**Required work:**
Leave the pictures out. Return the rest of the listing below exactly.

**Material provided:**
==================================================

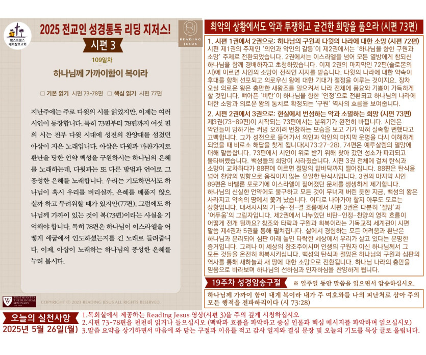 할렐루야! 2025년 전교인성경통독 리딩 지저스 제109일차 말씀은 시편 73-78편입니다.
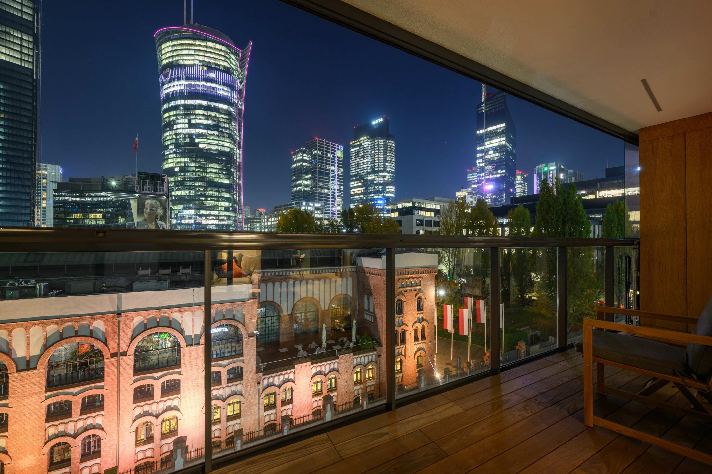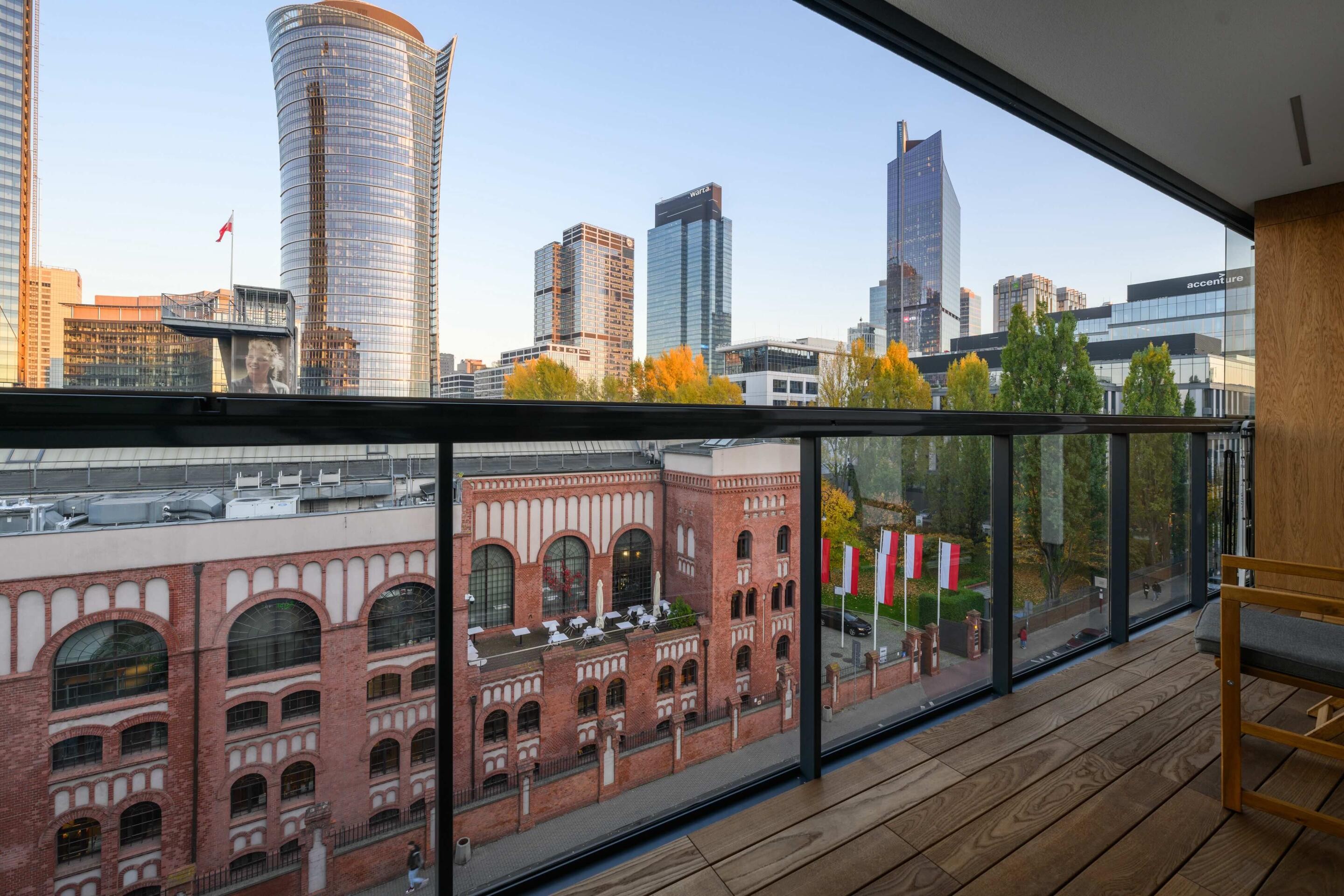 Balkon: Duży balkon wyłożony drewnem z wykonaną na zamówienie szafą zewnętrzną, z którego rozpościera się niepowtarzalny widok na panoramę miasta i nowoczesne wieżowce
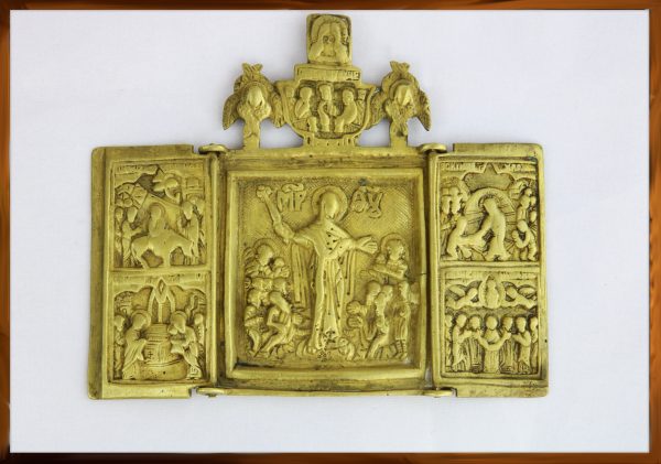 На центральной створе «Богоматерь всех скорбящих радость» – Богоматерь, обращенная вправо, с разведенными руками, в правой реке – жезл, по сторонам – болящие. В навершии центральной створы – «Нерукотворенный образ» и «Троица ветхозаветная», по бокам расположены два шестикрылых херувима. На левой створке: «Вход Господень в Иерусалим» и «Сретение Господне». На правой: «Воскресение Христово» и «Вознесение Господне». С обратной стороны иконы имеется петля-проушина.
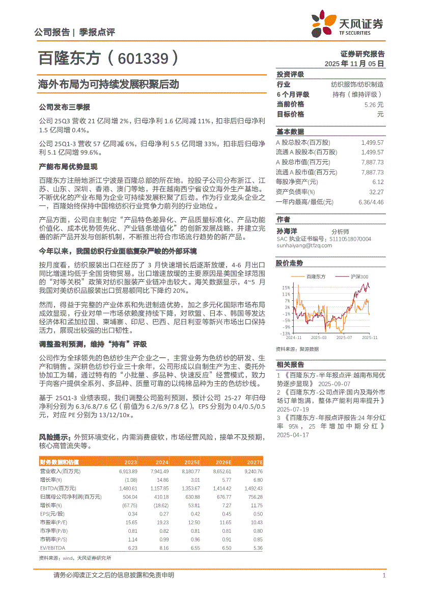 百隆东方:天风证券-百隆东方-601339-海外布局为可持续发展积聚后劲-251105

==================================================

**Written solution:**
 할렐루야! 2025년 전교인성경통독 리딩 지저스 제109일차 말씀은 시편 73-78편입니다.
 Balkon: Duży balkon wyłożony drewnem z wykonaną na zamówienie szafą zewnętrzną, z którego rozpościera się niepowtarzalny widok na panoramę miasta i nowoczesne wieżowce
 На центральной створе «Богоматерь всех скорбящих радость» – Богоматерь, обращенная вправо, с разведенными руками, в правой реке – жезл, по сторонам – болящие. В навершии центральной створы – «Нерукотворенный образ» и «Троица ветхозаветная», по бокам расположены два шестикрылых херувима. На левой створке: «Вход Господень в Иерусалим» и «Сретение Господне». На правой: «Воскресение Христово» и «Вознесение Господне». С обратной стороны иконы имеется петля-проушина.
 百隆东方:天风证券-百隆东方-601339-海外布局为可持续发展积聚后劲-251105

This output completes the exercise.